### Instructions to follow
If a line below falls between the line with "為了讓遠道而來的朋友們能夠滿" and the line with "AI重建的影像中,这名男子在", or is one of those two, output it exactly; output nothing else and no pictures.

***** Given records

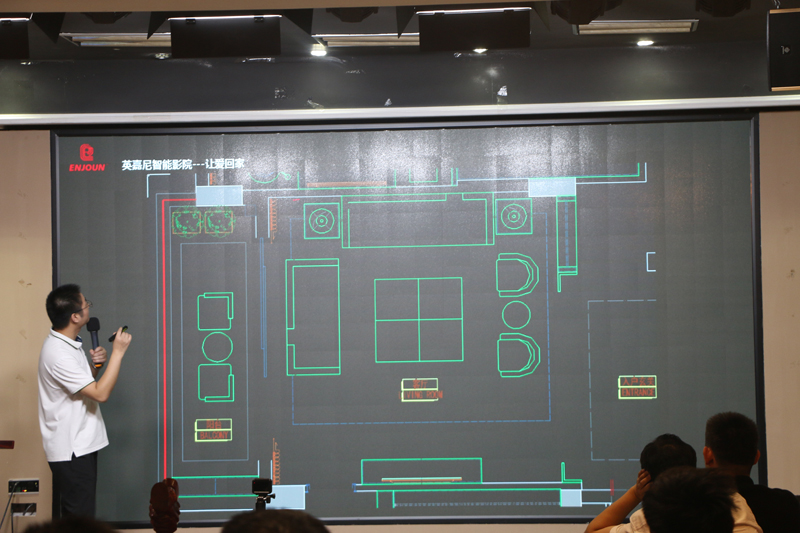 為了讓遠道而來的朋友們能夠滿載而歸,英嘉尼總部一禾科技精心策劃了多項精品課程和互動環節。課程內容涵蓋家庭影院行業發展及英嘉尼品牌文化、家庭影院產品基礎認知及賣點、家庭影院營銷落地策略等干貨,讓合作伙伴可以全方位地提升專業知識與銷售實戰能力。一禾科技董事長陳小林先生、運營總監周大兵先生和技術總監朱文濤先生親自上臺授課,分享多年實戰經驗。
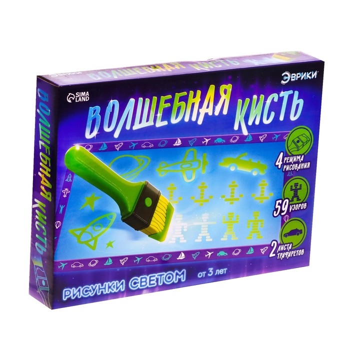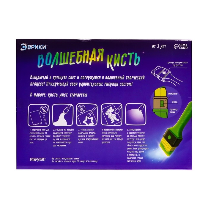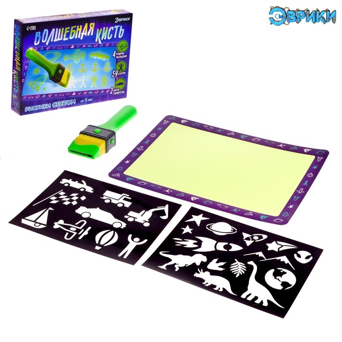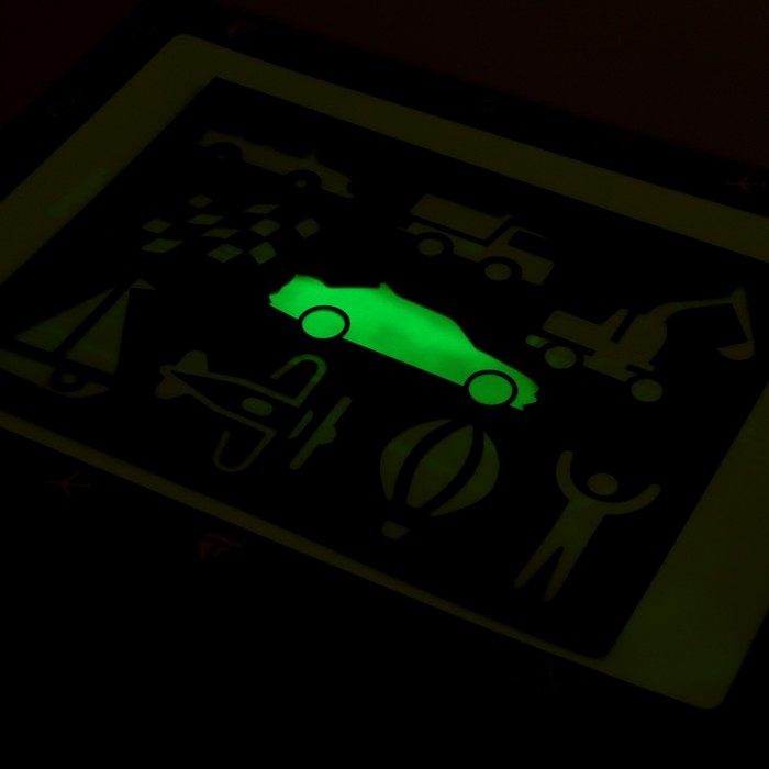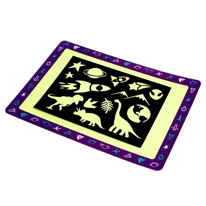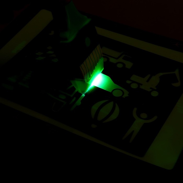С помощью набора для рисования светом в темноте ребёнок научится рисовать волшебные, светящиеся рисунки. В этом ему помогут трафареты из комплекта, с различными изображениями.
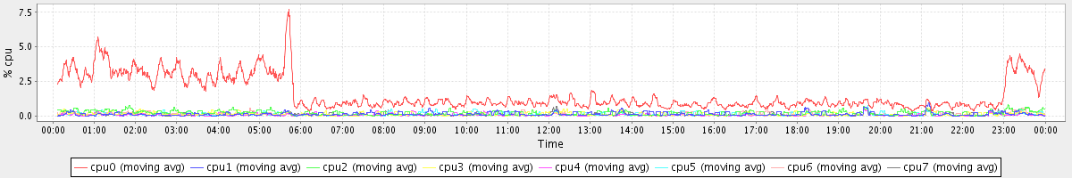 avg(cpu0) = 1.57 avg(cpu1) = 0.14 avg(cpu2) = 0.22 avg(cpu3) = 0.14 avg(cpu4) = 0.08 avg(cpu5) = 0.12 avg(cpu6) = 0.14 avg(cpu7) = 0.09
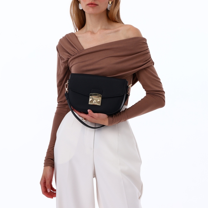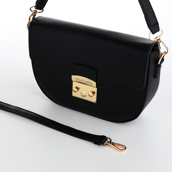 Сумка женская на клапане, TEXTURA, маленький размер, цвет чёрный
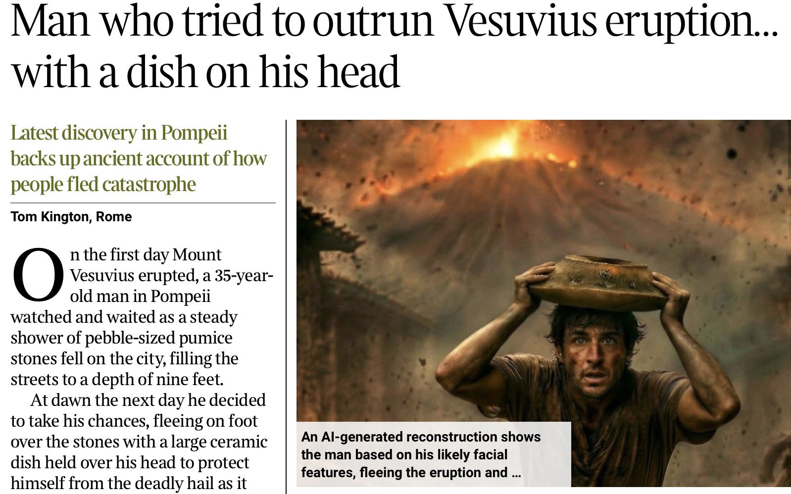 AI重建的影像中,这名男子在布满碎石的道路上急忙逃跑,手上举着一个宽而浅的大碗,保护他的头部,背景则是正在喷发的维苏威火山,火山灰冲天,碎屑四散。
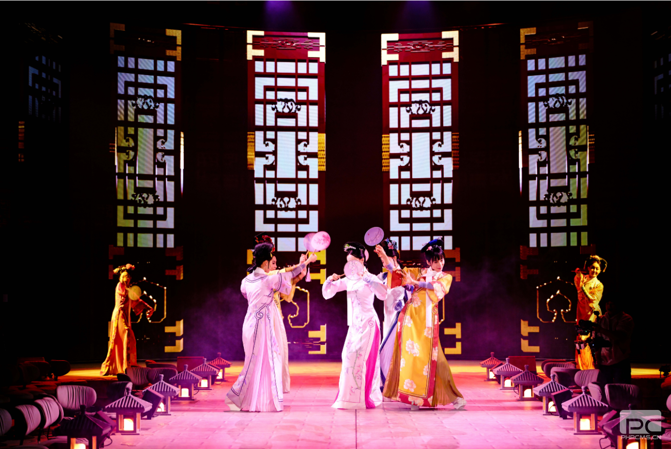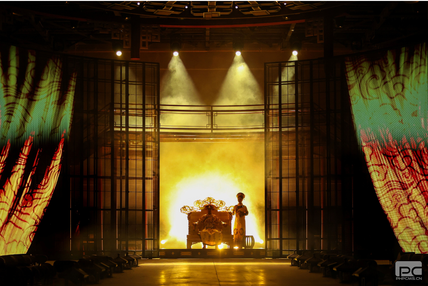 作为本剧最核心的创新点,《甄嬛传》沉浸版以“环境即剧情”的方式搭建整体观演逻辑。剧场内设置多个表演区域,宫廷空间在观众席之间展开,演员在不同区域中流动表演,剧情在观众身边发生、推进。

**********
***** Given records

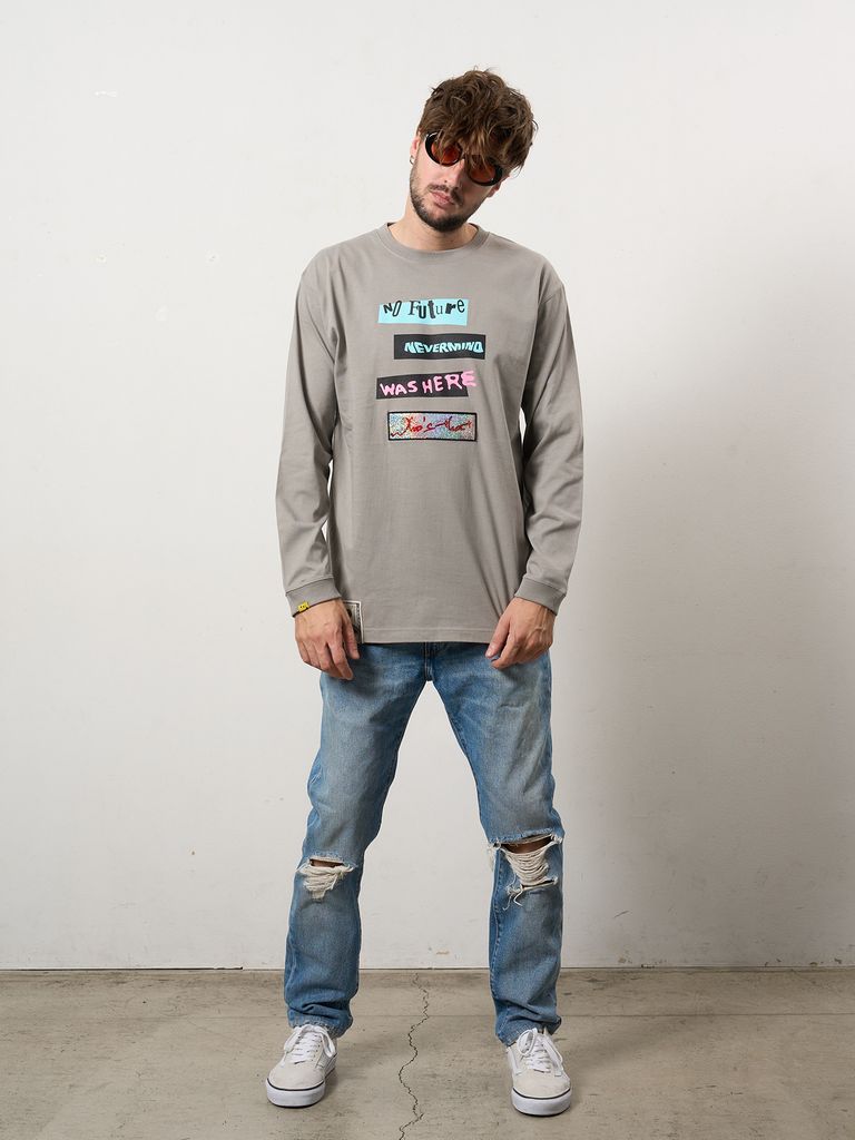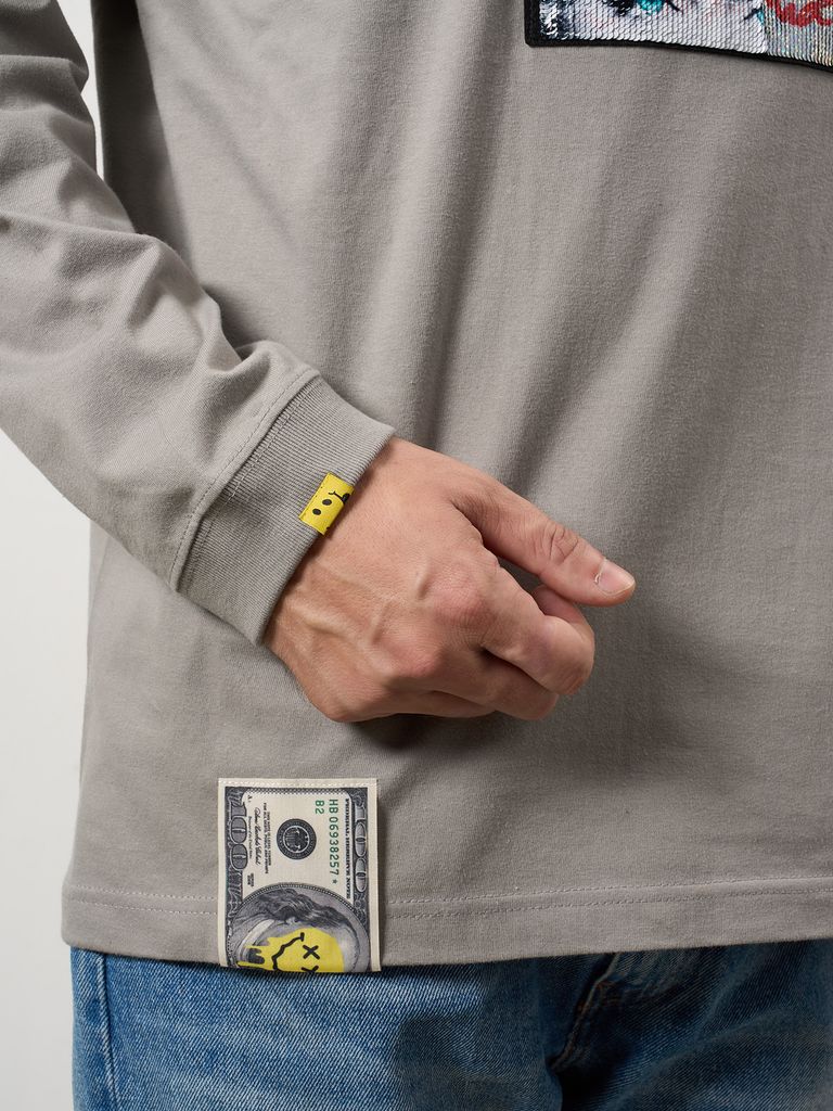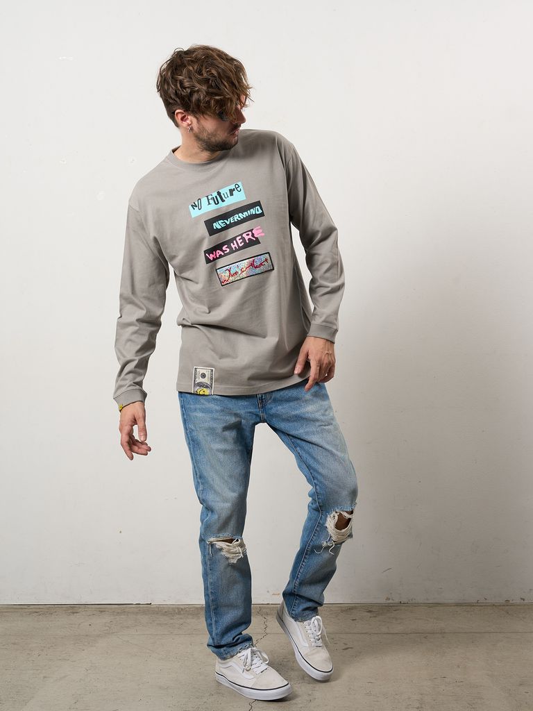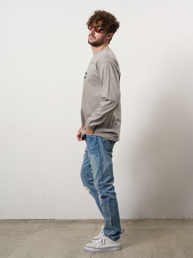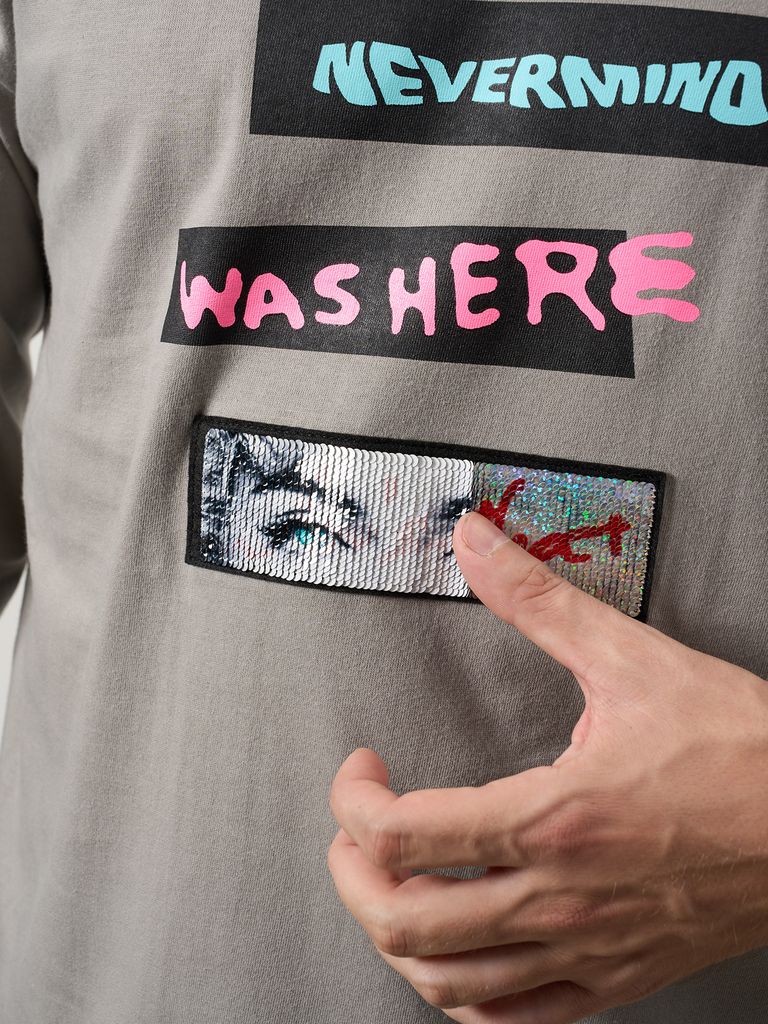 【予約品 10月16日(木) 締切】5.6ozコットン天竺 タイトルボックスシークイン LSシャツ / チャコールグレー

**********

### Output
 為了讓遠道而來的朋友們能夠滿載而歸,英嘉尼總部一禾科技精心策劃了多項精品課程和互動環節。課程內容涵蓋家庭影院行業發展及英嘉尼品牌文化、家庭影院產品基礎認知及賣點、家庭影院營銷落地策略等干貨,讓合作伙伴可以全方位地提升專業知識與銷售實戰能力。一禾科技董事長陳小林先生、運營總監周大兵先生和技術總監朱文濤先生親自上臺授課,分享多年實戰經驗。
С помощью набора для рисования светом в темноте ребёнок научится рисовать волшебные, светящиеся рисунки. В этом ему помогут трафареты из комплекта, с различными изображениями.
 avg(cpu0) = 1.57 avg(cpu1) = 0.14 avg(cpu2) = 0.22 avg(cpu3) = 0.14 avg(cpu4) = 0.08 avg(cpu5) = 0.12 avg(cpu6) = 0.14 avg(cpu7) = 0.09
 Сумка женская на клапане, TEXTURA, маленький размер, цвет чёрный
 AI重建的影像中,这名男子在布满碎石的道路上急忙逃跑,手上举着一个宽而浅的大碗,保护他的头部,背景则是正在喷发的维苏威火山,火山灰冲天,碎屑四散。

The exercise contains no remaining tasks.